Send “dummy” messages that are thrown away by all receiving nodes in lieu of faulty messages. In this way network traffic is not varied, but all the work is performed by the transmitting node. This requires no middleware at “small” receiver nodes, but does require clever allocation of message priorities to permit interleaving dummy message priorities with real message priorities.

The current state of the work is that initial middleware software is operating under the QNX real-time operating system with CAN hardware. Simulation and analytic modeling will be used to determine appropriate failure scenarios to inject so as to be representative of failure rates experienced in a large deployed fleet.
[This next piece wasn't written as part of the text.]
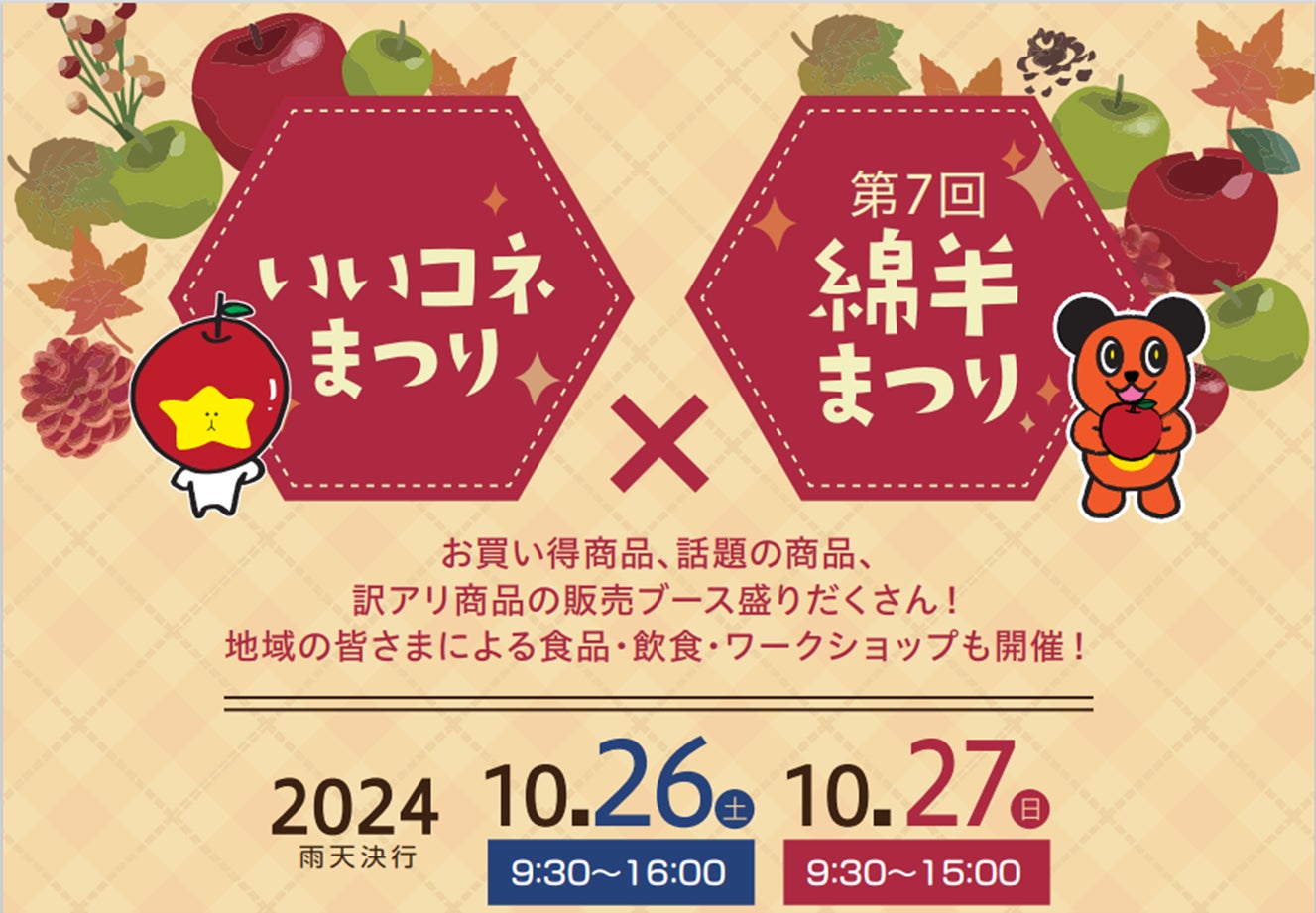 株式会社綿半インテック(本社:長野県飯田市北方1023-1 代表取締役社長 笹 広男)は、いいづなコネクトEAST(旧飯綱町立三水第二小学校)にて、2024年10月26日(土)、27日(日)の2日間に渡って「いいコネまつり×第7回綿半まつり」を開催いたします。

Ultimately, faults will be injected on an operating automated vehicle to characterize system robustness and recommend changes to control algorithms, if necessary, to achieve required system-level safety goals.

This work is sponsored by ONR contract N00014-96-1-0202, and by USDOT under Cooperative Agreement Number DTFH61-94-X-00001 as part of the National Automated Highway System Consortium (NAHSC).

References

[1] Villemeur, A., Reliability, Availability, Maintainability and Safety Assessment, John Wiley & Sons, 1992 (pg. 533).

[2] U.S. Bureau of Transportation Statistics, Airline Traffic Statistics spreadsheet, http://nasdac.faa.gov/bts/btsfrm41.xls accessed April 10, 1998.

[3] U.S. Department of Transportation, NHTSA, Traffic Safety Facts 1996, http://www.nhtsa.dot.gov/people/ncsa/Overvu96.pdf, accessed April 10, 1998

[4] Stott, D., Ries, G., Hsueh, M. & Iyer, R., “Dependability analysis of a high-speed network using software-implemented fault injection and simulated fault injection,” IEEE Trans. Computers, 47 (1) 108-119, January 1998.

[5] Dawson, S., Jahanian, F., Mitton, T. & Tung, T., “Testing of fault-tolerant and real-time distributed systems via protocol fault injection,” FTCS ‘96, pp. 404-414.